I\'m using the SpeechRecognizer via Intent:
Intent i = new Intent(RecognizerIntent.ACTION_RECOGNIZE_SPEECH);
i.putExtra(RecognizerIntent.EXTRA_LANGUAGE_MODEL
According to my interpretation of the documentation:
recognizerIntent.Extra_Results returns an ordered arrayList of strings, each of which is one suggestion as to what was said, with the string at index 0 being the suggestion the Recognizer is most confident of.
recognizerIntent.Extra_Confidence_Scores returns an array of floats corresponding to each of these suggestions.
So, if the results you are getting are correct(otherwise this might be a bug), then the recognizer has 1, and only 1, suggestion that it has confidence in and several others that it has only negligible or no confidence in.
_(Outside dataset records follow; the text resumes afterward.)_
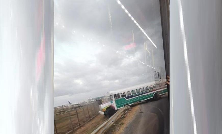 Las llantas delanteras del colectivo sobrepasaron la barda de contención, en toda la curva de la rotonda que se ubica próxima al Aeropuerto Internacional de Tocumen, presumiblemente, porque realizó el giro demasiado abierto, pues según un video publicado en Twitter el conductor venía haciendo regata con otro colectivo
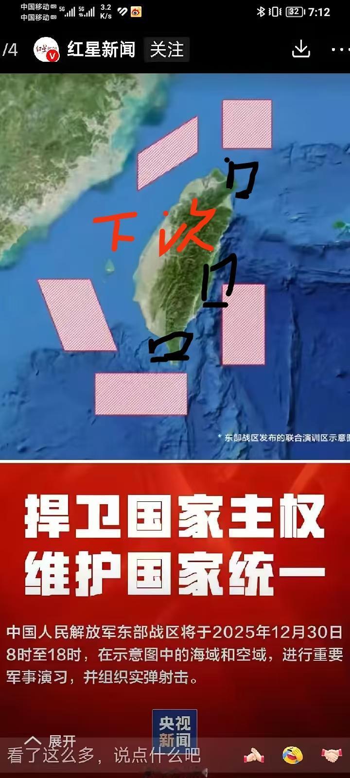 祖国统一大趋势! 台独死路一条,和平统一才是未来! 为什么民进党若再执迷不悟,最终只会14亿人民加2300万台胞,最终只会被世界人民唾弃,被史历钉在耻辱柱上留名。 祖国统一必须的,大势所趋,任何分裂行径,终究螳臂当车! 希望下次军演解放军进入宝岛上空。 胆大就是胜者,解放军加油!台湾回归必须到来!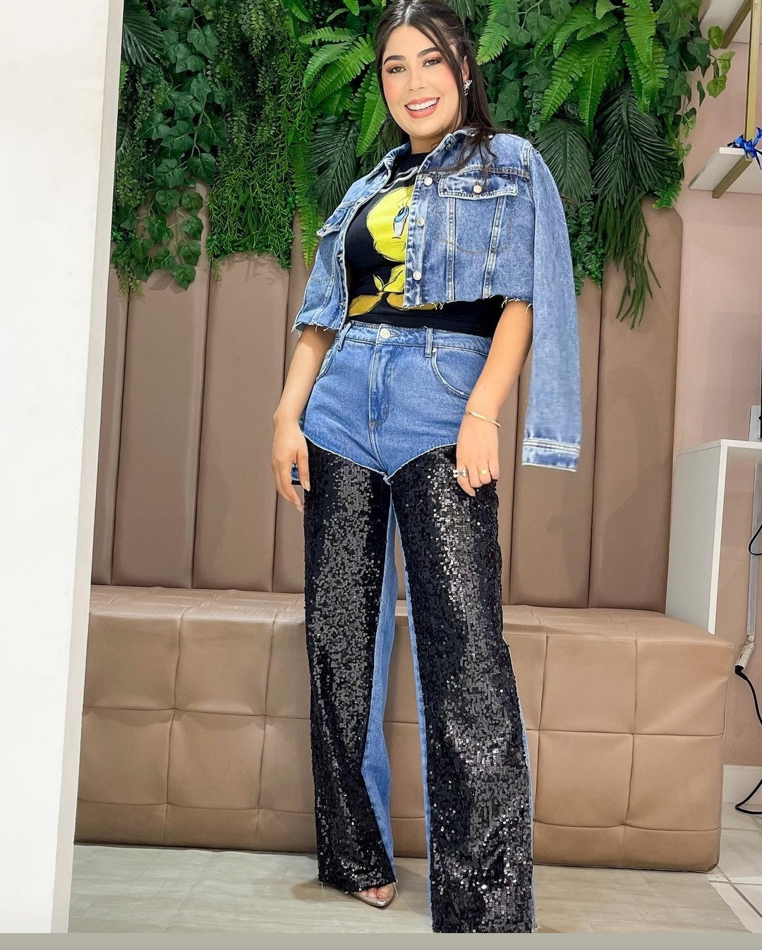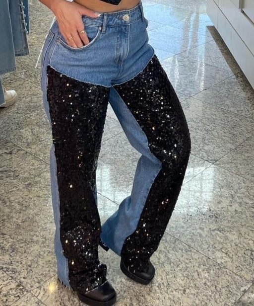 Calça em jeans sem lycra modelo "wide leg" , coz altura do umbigo customização frontal em paetê, produto produzido por pedido. Tempo de envio 5 dias úteis após a compra.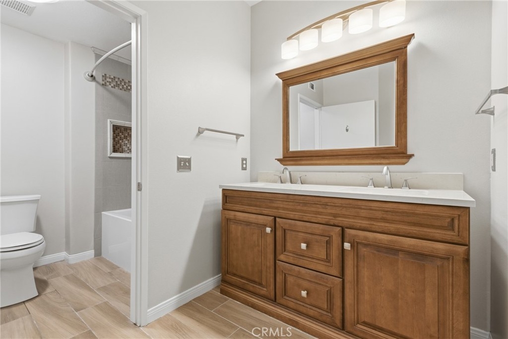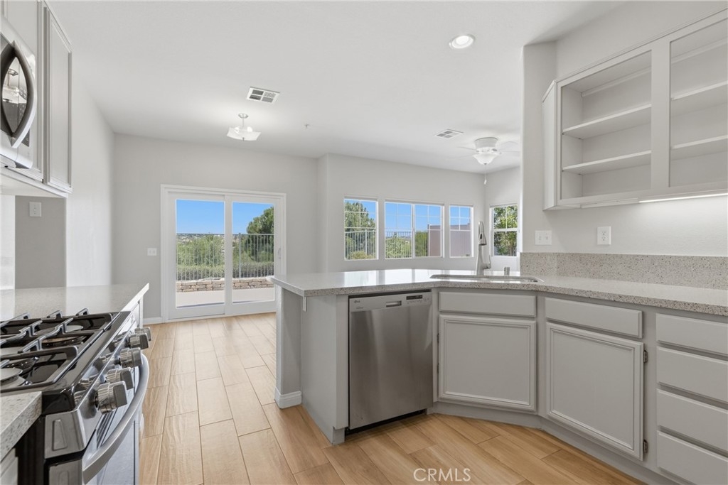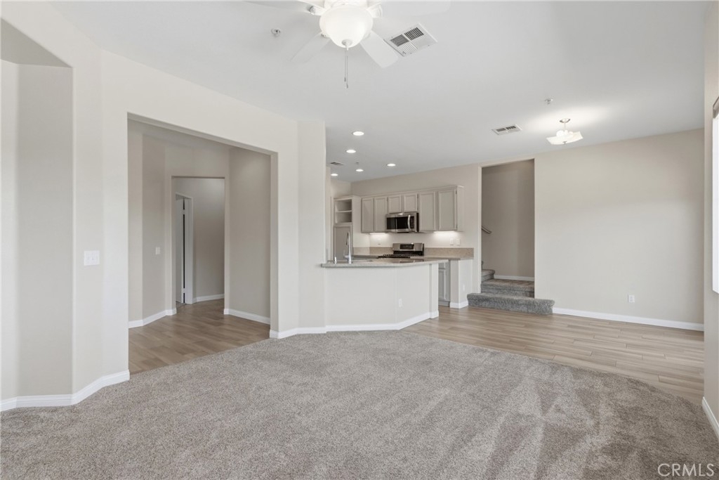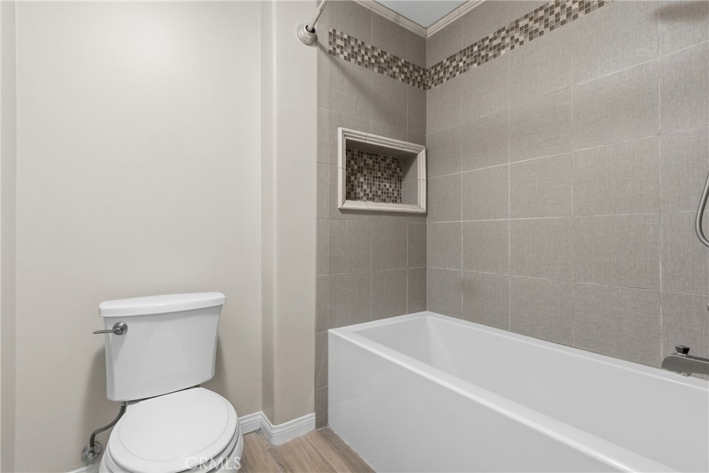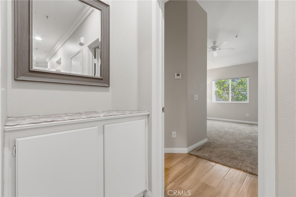 Welcome to a truly rare opportunity in the heart of Temecula. This beautifully upgraded downstairs condo with a private backyard offers a unique blend of comfort, flexibility, and peaceful outdoor living that’s hard to find. Located within a secure gated community, this home features 2 bedrooms and 2 bathrooms, along with a spacious upstairs loft complete with a walk-in closet ideal for a potential 3rd bedroom, home office, or bonus living space. Thoughtfully updated in neutral tones, the home is warm, inviting, and ready for you to make it your own. Wood-look tile flooring and plush carpet run throughout, creating a seamless and stylish feel. The kitchen is both functional and welcoming, featuring Silestone quartz countertops, off-white cabinetry, included refrigerator, and a dining area that opens to the backyard through a sliding glass door perfect for indoor-outdoor living. The adjacent family room offers a cozy fireplace and large windows that bring in natural light and serene backyard views. Tucked toward the back of the home for added privacy, the oversized primary suite features a walk-in closet, ceiling fan, and a beautifully remodeled bathroom with dual sinks and a custom tile shower. A secondary bedroom and full bathroom are also conveniently located on the main level, along with an indoor laundry room complete with storage-washer and dryer included. Upstairs, the expansive loft provides additional flexibility with its own walk-in closet and ceiling fan, along with beautiful mountain views. Whether used as a guest space, office, or converted into a third bedroom, it adds incredible versatility to the home. What truly sets this property apart is the oversized private backyard - a rare find for a condo. Enjoy fresh sod, pomegranate and plum trees, a vinyl fence, and newly painted concrete, all backing directly to Temecula Creek. This peaceful, scenic setting is perfect for morning coffee, relaxing evenings, or entertaining guests. The attached 2-car garage is complete with epoxy flooring, insulated doors, and built-in storage cabinets. Situated in the highly sought after Auberry Place community, residents enjoy beautifully maintained grounds along with amenities including a pool, spa, and tot lot. Conveniently located near top-rated schools, Temecula Wine Country, shopping, dining, and just minutes from the 15 Freeway this home truly offers the best of location and lifestyle.

I've been getting similar results. I've never had a set of results in which more than one suggestion had non-negligible confidence, just like you. e.g. 0.7435, 0.0, 0.0, 0.0, ......
I have however sometimes gotten a set of results in which ALL results have negligible confidence. e.g. 0.0, 0.0, 0.0, 0.0, 0.0, ......
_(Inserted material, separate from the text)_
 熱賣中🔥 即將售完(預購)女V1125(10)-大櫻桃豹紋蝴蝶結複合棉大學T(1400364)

So yes the first element in Results will always be the one the Recognizer is most confident of.
The conventional speech recognition algorithm allows to return confidence of just 1-best result because it is the result compared with other results to calculate the confidence. It is also possible to return N best results instead of just 1-best, however, it is much harder to calculate confidence for them.
It seems that Google implemented the conventional approach only and reserved place in the API for more detailed results with n-best confidence.
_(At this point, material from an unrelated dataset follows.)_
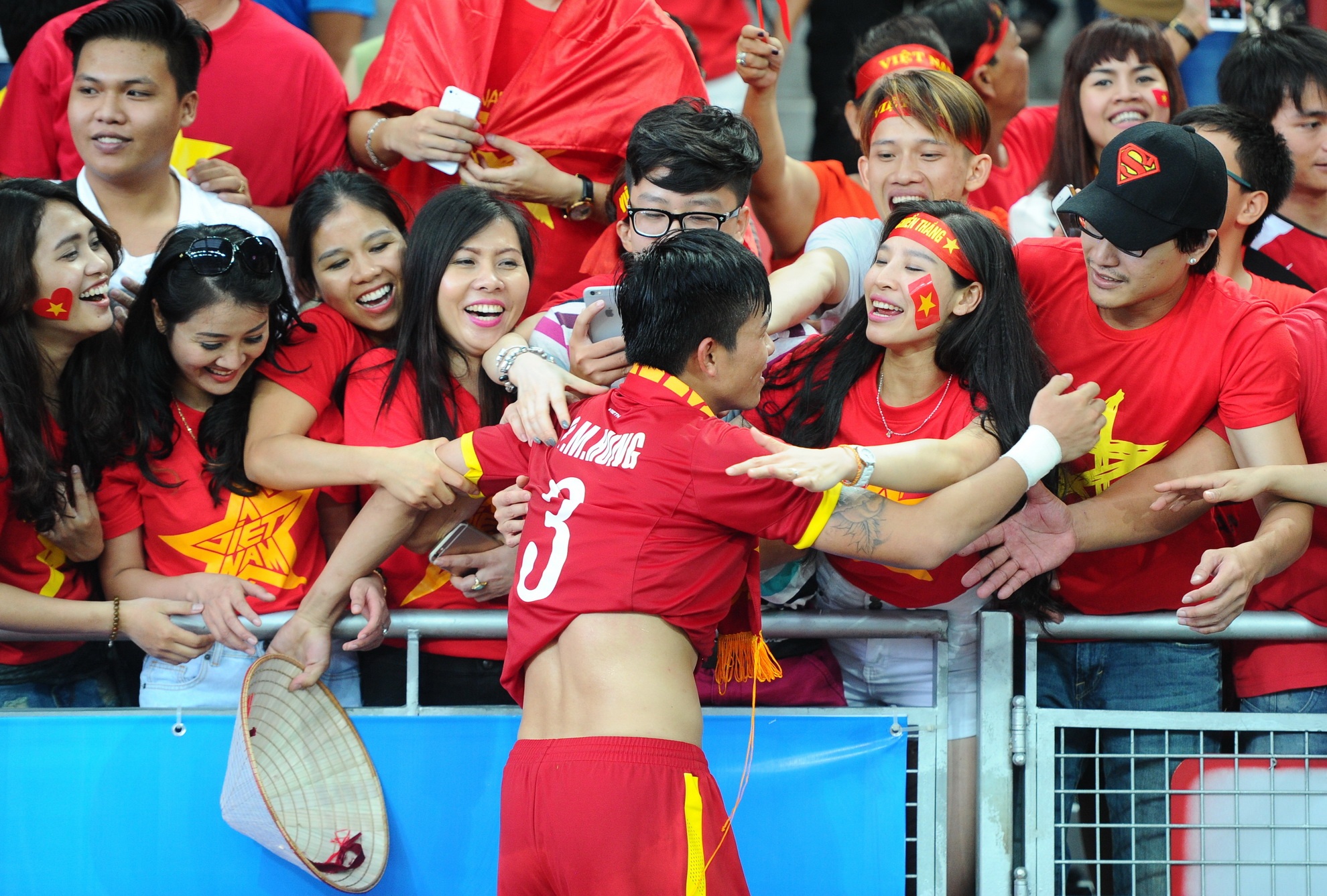 | Huy Toàn nhận được sự chúc mừng từ CĐV khi đóng góp cú đúp cho đội nhà trong trận gặp U23 Indonesia. Tình cảm của người hâm mộ là điểm tựa tinh thần giúp các học trò của HLV Miura vượt qua những thời điểm khó khăn tại SEA Games 28. |

You just have to wait for Google to implement everything properly.
I haven't work with speech reorganization. But still, as you said you are getting float array value as 0.0, this implies float array is null
. can you please check is the float[] is returning null or else.
ArrayList<String> results = data
.getStringArrayListExtra(RecognizerIntent.EXTRA_RESULTS);
float[] confidence = data.getFloatArrayExtra(
RecognizerIntent.EXTRA_CONFIDENCE_SCORES);
if (confidence == null)
{
for (int i = 0; i < results.size(); i++)
{
Log.d(TAG, i + ": " + results.get(i));
}
}
else
{
for (int i = 0; i < results.size(); i++)
{
Log.d(TAG, i + ": " + heard.get(i) + " confidence : " + confidence[i]);
}
}
Can you please check the book Professional Android Sensor Programming By Greg Milette, Adam Stroud this will surely help you. You will get some details on page 394 on this book.